* TRY IT
An exact copy of every record, with no pictures, please.
+-------+
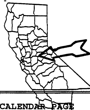
Exhibit A W 25304

This Land description is solely for purposes of generally defining the lease premises, and is not intended to be, nor shall it be construed as, a waiver or limitation of any State interest in the subject or any other property.
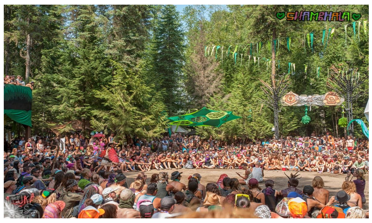
7. The Grove stage during opening ceremonies, Shambhala Music Festival (2014)

landscape helps to initiate festival goers into a celebratory journey and to connect them with others in ways that may not be commonly encountered in everyday life.
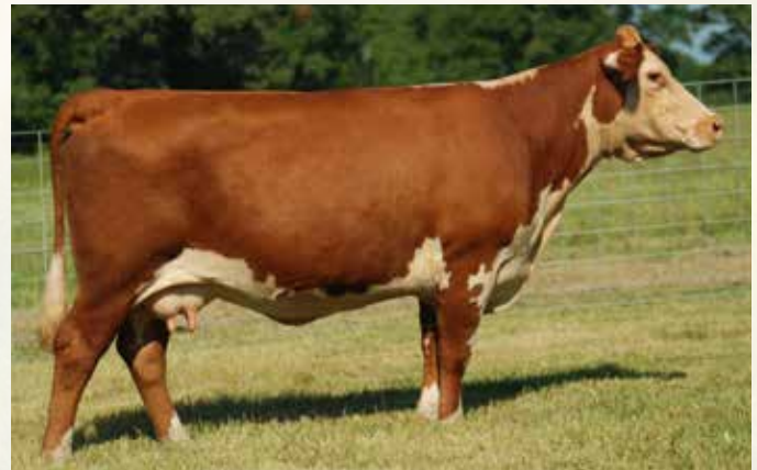
PF P606 ALEXIS 67 - Dam of Lot 120.
+-------+
* COMPLETED EXERCISE
Exhibit A W 25304

This Land description is solely for purposes of generally defining the lease premises, and is not intended to be, nor shall it be construed as, a waiver or limitation of any State interest in the subject or any other property.
7. The Grove stage during opening ceremonies, Shambhala Music Festival (2014)

landscape helps to initiate festival goers into a celebratory journey and to connect them with others in ways that may not be commonly encountered in everyday life.
PF P606 ALEXIS 67 - Dam of Lot 120.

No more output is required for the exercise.